- Born: 3 August 1949 Aberdeen, Scotland
- Died: 5 March 2023 (aged 73) Aberystwyth, Wales
- Scientific career
- Fields: International relations theorist
- Thesis: Obligations beyond the state: the individual, the state and humanity in international theory (1978)
- Doctoral advisor: Michael Donelan and Paul Taylor

= Andrew Linklater =

British academic (1949–2023)

Andrew Linklater FAcSS (3 August 1949 – 5 March 2023) was a British scholar of international relations and political theorist who taught at universities in Australia and the United Kingdom. In 2000, he was featured as one of the fifty thinkers in Martin Griffith's Fifty Key Thinkers in International Relations.

==Early life and education==
Linklater was born on 3 August 1949 to Andrew Linklater and Isabella née Forsyth. His father was a postman and his mother worked various odd jobs. He studied Politics and International Relations as an undergraduate at the University of Aberdeen, and worked as a bus driver while he studied. He then received an MA degree from the University of Aberdeen in 1971, a BPhil degree from Balliol College, University of Oxford in 1973, and a PhD degree from the London School of Economics in 1978. His PhD thesis was titled Obligations beyond the state: the individual, the state and humanity in international theory, and was later published as Men and Citizens in the Theory of International Relations.

==Teaching==
His teaching career began at the University of Tasmania from 1976 to 1981, before moving to Monash University in 1982, where he taught for ten years. In 1993, he became professor of international relations at Keele University, and became Dean of Postgraduate Affairs in 1997 until he left Keele in 1999. In January 2000 he joined the Department of International Politics at Aberystwyth as the Woodrow Wilson Professor of International Politics.

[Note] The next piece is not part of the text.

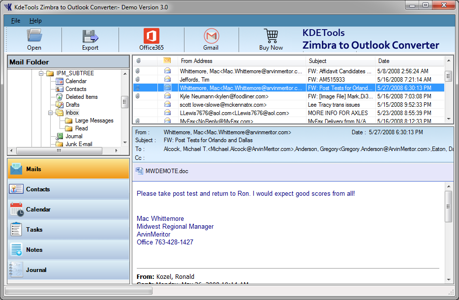 Zimbra Converter is an instant and a safe method to export Zimbra to Exchange Server. Use the robust and advanced tool to perform successful conversion of data directly. The software enables the users to export to more than 15 file-formats including PST, NSF, HTML, PDF, MSG, EML, OLM, MBOX, Exchange Server, Gmail, and etc. The user can use the free demo version and export up to 30 items for free and check the software efficiency and fast conversion rate. The software has a wide range of series of advanced features such as 'Batch Conversion', 'Message Filtering', 'Selective File', and supports multiple file formats.

== Perspectives on international relations ==
Until around the turn of the millennium, Linklater could be characterized as a scholar of the critical theory paradigm within international relations. In his 1990 piece, Beyond Realism and Marxism, he outlined flaws in realist international relations theory, the English School, and Marxist international relations theory. Linklater argued for international relations theorists to take a more expansive approach to the relevant actors, which includes forces that generate human norms and structure human relations between societies, beyond the class framework of Marxism. However, since the 2000s, he moved decisively to championing the relevance of the work of Norbert Elias on the study of international relations. His later books, including The Problem of Harm in World Politics: Theoretical Investigations (2011) and The Idea of Civilization and the Making of the Global Order (2021) show his close connections with the 'figurational sociology' school associated with Elias.

==Research==
Linklater wrote and edited several books on International Relations, but one of his most important works is The Transformation of Political Community. Published in 1998, it was hailed by fellow academics Chris Brown and Steve Smith as "one of the most important books in international theory published in this decade". Linklater's research interests included the idea of harm in International Relations and critical theories of International Relations. In 2001 he became a member of the Academy of Learned Societies in the Social Sciences, and in 2005 he also became a Fellow of the British Academy. He was also a Founding Fellow of the Learned Society of Wales.

==Personal life ==
Linklater married a fellow Aberdonian, Jane Adam. Andrew Linklater died on 5 March 2023, at the age of 73.

==Publications==
- The Problem of Harm in World Politics: Theoretical Investigations, Cambridge University Press, 2011.
- Critical Theory and World Politics: Citizenship, sovereignty and humanity, Routledge, 2007.
- The English School of International Relations: A Contemporary Assessment (with Hidemi Suganami), Cambridge University Press, 2006.
- Theories of International Relations (edited with Scott Burchill), Palgrave Macmillan, 2013. (Now on its fifth edition, originally published in 1996)
- Political Loyalty and the Nation-State (edited with Michael Waller), Routledge, 2003.
- International Relations: Critical Concepts in Political Science, Routledge, 2000
- The Transformation of Political Community: Ethical Foundations of the Post-westphalian Era, Polity Press, 1998.
- Boundaries in Question: New Directions in International Relations, (edited with John MacMillan) Frances Pinter, 1995.
- Beyond Realism and Marxism: Critical Theory and International Relations, MacMillan Press, 1990.
- New Horizons in Politics: Essays with an Australian Focus, (edited with Hugh V. Emy), Allen and Unwin, 1990.
- Men and Citizens in the Theory of International Relations, MacMillan Press, 1982.
- New Dimensions in World Politics, (edited with G. Goodwin) Croom Helm, 1975.